§ **Problem**:
From the first line to the last, print the records exactly, leaving out the pictures.

Stored data entries:
···

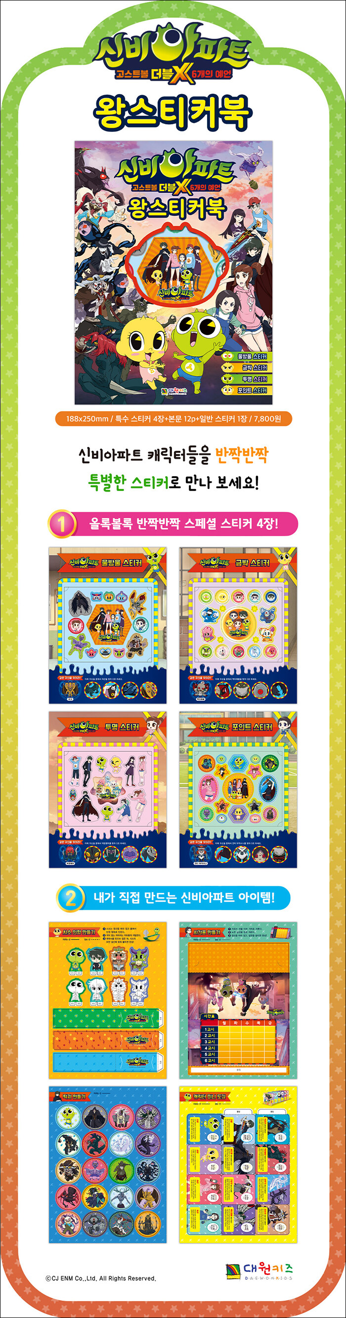 올록볼록 입체감이 느껴지는 물방울 스티커, 반짝반짝 화려한 금박 스티커, 배경이 투명해서 다양하게 활용할 수 있는 투명 스티커, 동그란 도트 포인트가 귀여운 포인트 스티커까지! 아주 특별한 <신비아파트> 스티커 4종류가 책 한 권에 쏙 들어 있어요.
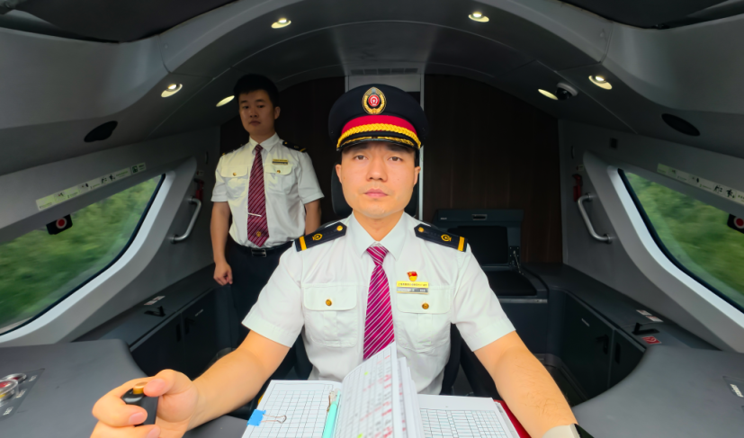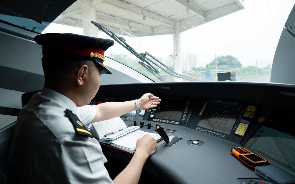 眼观六路、双手联动!他们一边盯着速度表,一边估算着离停车标的距离,手、眼、脑高度协同,才能让几百米长的动车组精准停靠。
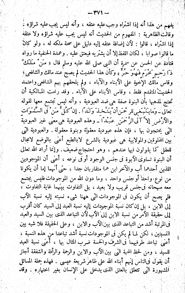 وقد رامت المالكية أن تحتج لمذهبها بأن البنوة صفة هي ضد العبودية وأنه ليس تجتمع معها لقوله تعالى: {وَمَا يَنْبَغِي لِلرَّحْمَنِ أَنْ يَتَّخِذَ وَلَداً إِنْ كُلُّ مَنْ فِي السَّمَاوَاتِ وَالأَرْضِ إِلاَّ آتِي الرَّحْمَنِ عَبْدا}ً.
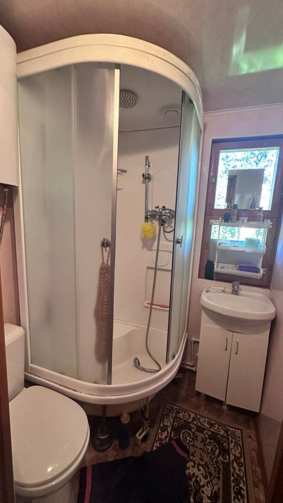 Коммуникации: свет-заведен, разведен по дому и в летней кухне , вода-летний водопровод-заведен в дом, туалет- септик, отопление-электрическое и камин, электричество-6 кВт, газ-баллонный.
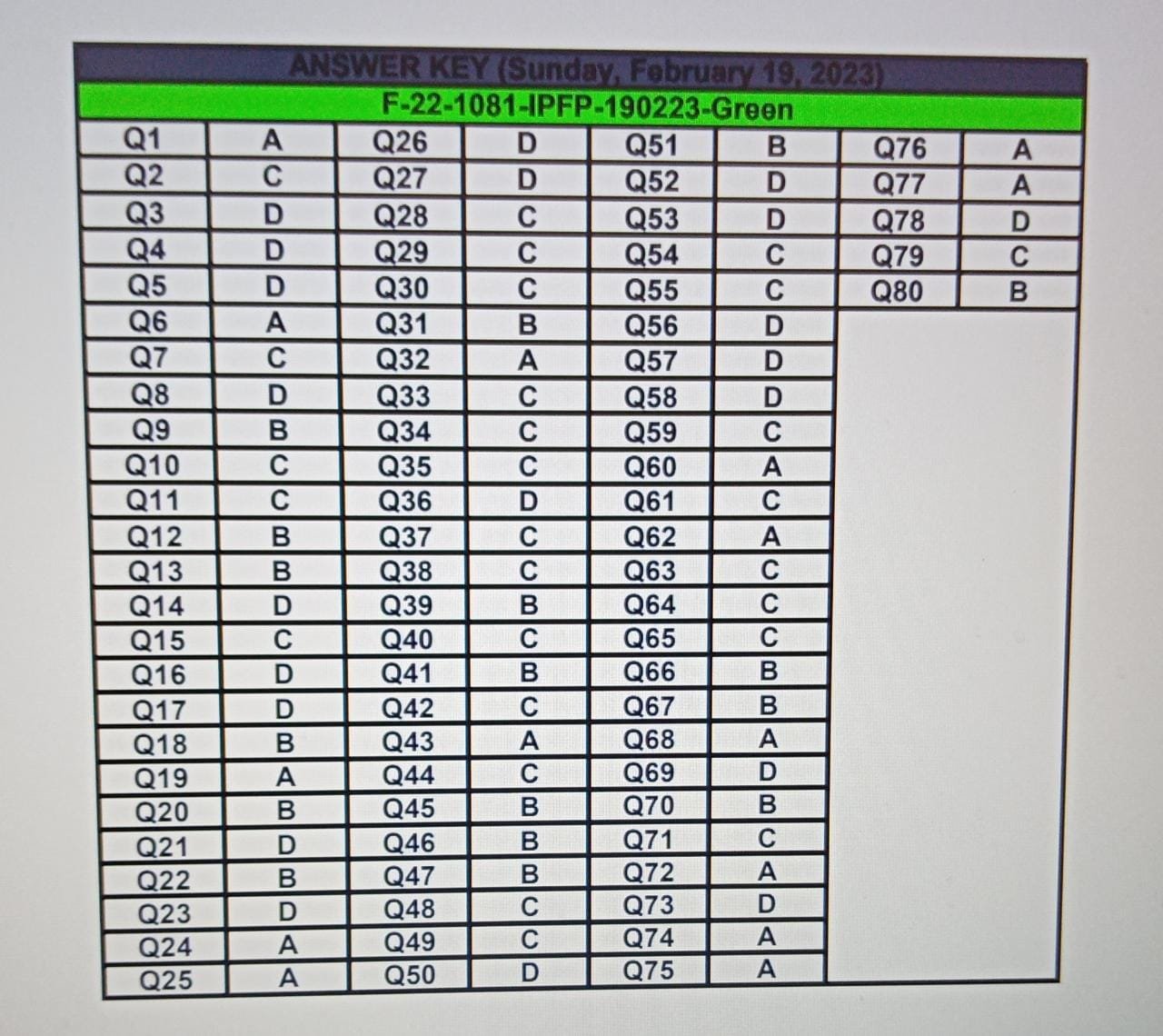 Higher Education Commission IPFP Test Answer Keys for 2023
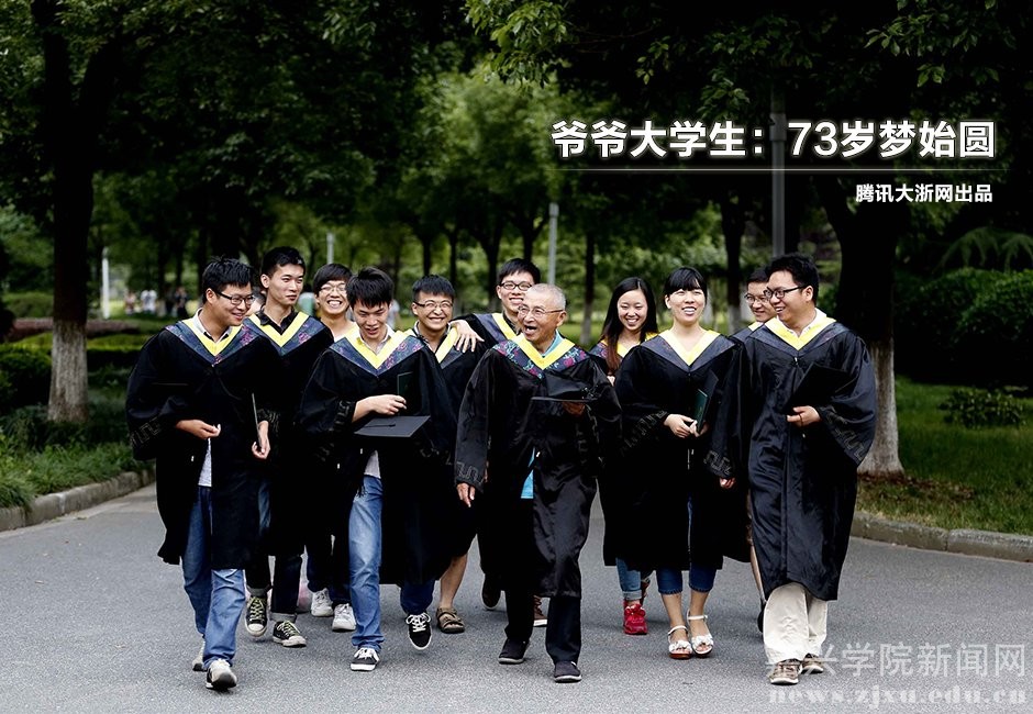 嘉兴学院,73岁的大学生邹伟敏是个名人。这位背佝偻、发花白的“爷爷大学生”,是浙江省年纪最大的全日制本科毕业生,也是嘉兴学院建校百年来年龄最大的全日制本科毕业生。在班级里,同学们都喜欢叫他“邹同学”、“邹哥”、“邹老爷子”。2014年6月9日,他迎来了毕业的日子,50年的大学本科梦在这一天实现。
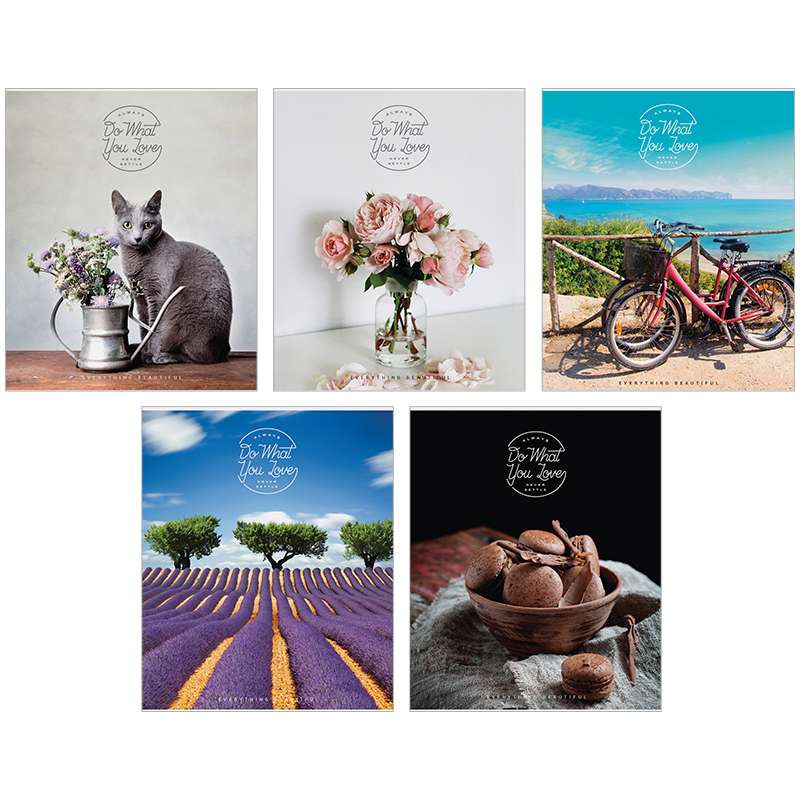 Тетрадь формата А5. Блок - 48 листов, клетка, офсет 60 г/м², белизна 100%. Обложка - импортный целлюлозный мелованный картон. Отделка обложки: тиснение фольгой.Тетрадь 48л. А5 клетка "Стиль. Do what you love", фольга
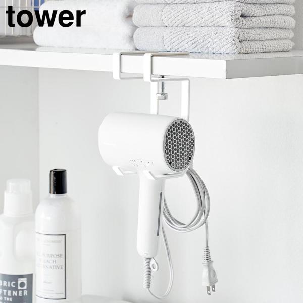 棚下ドライヤーハンガー タワー 山崎実業 tower ホワイト ブラック 1640 1641 ドライヤーホルダー ドライヤー ハンガー ホルダー yamazaki タワーシリーズ[MM1]
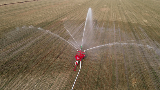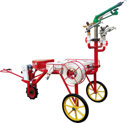 4、噴灌車固定位置澆地,多噴槍組合式噴灑,270度大半圓作業。80毫米水帶,最大出水量50/小時,1小時澆地約1.5-2畝。
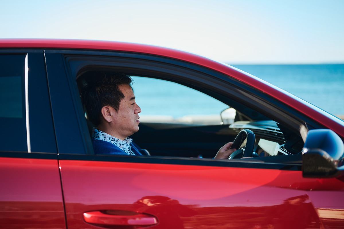 この日、スタートは快晴の七里ヶ浜海岸から。穏やかな海とその先には江の島、そしてまだ雪の残る富士山という絶景が出迎えてくれた。「僕は赤い車が好きで、長年乗り換えてきましたが、プジョーの赤は深い色味にシックなメタリック感もあって、青空にも生えますね」。
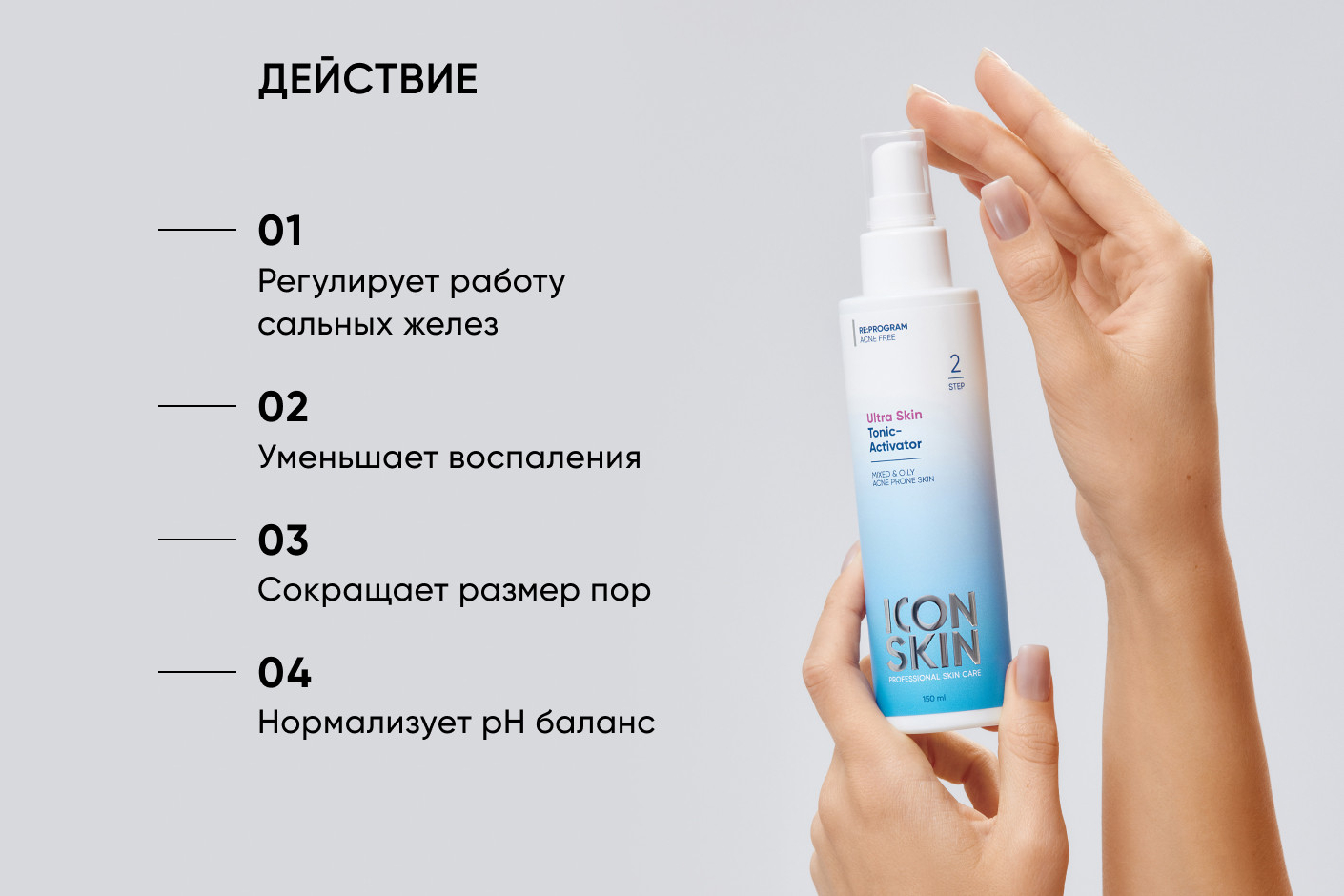 Удобный дозатор позволяет рационально расходовать средство. Тоник усиливает действие последующего ухода и является ключом к эффективной работе всей системы ICON SKIN RE:PROGRAM.

···

§ **Reply to the exercise**:
 올록볼록 입체감이 느껴지는 물방울 스티커, 반짝반짝 화려한 금박 스티커, 배경이 투명해서 다양하게 활용할 수 있는 투명 스티커, 동그란 도트 포인트가 귀여운 포인트 스티커까지! 아주 특별한 <신비아파트> 스티커 4종류가 책 한 권에 쏙 들어 있어요.
 眼观六路、双手联动!他们一边盯着速度表,一边估算着离停车标的距离,手、眼、脑高度协同,才能让几百米长的动车组精准停靠。
 وقد رامت المالكية أن تحتج لمذهبها بأن البنوة صفة هي ضد العبودية وأنه ليس تجتمع معها لقوله تعالى: {وَمَا يَنْبَغِي لِلرَّحْمَنِ أَنْ يَتَّخِذَ وَلَداً إِنْ كُلُّ مَنْ فِي السَّمَاوَاتِ وَالأَرْضِ إِلاَّ آتِي الرَّحْمَنِ عَبْدا}ً.
 Коммуникации: свет-заведен, разведен по дому и в летней кухне , вода-летний водопровод-заведен в дом, туалет- септик, отопление-электрическое и камин, электричество-6 кВт, газ-баллонный.
 Higher Education Commission IPFP Test Answer Keys for 2023
 嘉兴学院,73岁的大学生邹伟敏是个名人。这位背佝偻、发花白的“爷爷大学生”,是浙江省年纪最大的全日制本科毕业生,也是嘉兴学院建校百年来年龄最大的全日制本科毕业生。在班级里,同学们都喜欢叫他“邹同学”、“邹哥”、“邹老爷子”。2014年6月9日,他迎来了毕业的日子,50年的大学本科梦在这一天实现。
 Тетрадь формата А5. Блок - 48 листов, клетка, офсет 60 г/м², белизна 100%. Обложка - импортный целлюлозный мелованный картон. Отделка обложки: тиснение фольгой.Тетрадь 48л. А5 клетка "Стиль. Do what you love", фольга
 棚下ドライヤーハンガー タワー 山崎実業 tower ホワイト ブラック 1640 1641 ドライヤーホルダー ドライヤー ハンガー ホルダー yamazaki タワーシリーズ[MM1]
 4、噴灌車固定位置澆地,多噴槍組合式噴灑,270度大半圓作業。80毫米水帶,最大出水量50/小時,1小時澆地約1.5-2畝。
 この日、スタートは快晴の七里ヶ浜海岸から。穏やかな海とその先には江の島、そしてまだ雪の残る富士山という絶景が出迎えてくれた。「僕は赤い車が好きで、長年乗り換えてきましたが、プジョーの赤は深い色味にシックなメタリック感もあって、青空にも生えますね」。
 Удобный дозатор позволяет рационально расходовать средство. Тоник усиливает действие последующего ухода и является ключом к эффективной работе всей системы ICON SKIN RE:PROGRAM.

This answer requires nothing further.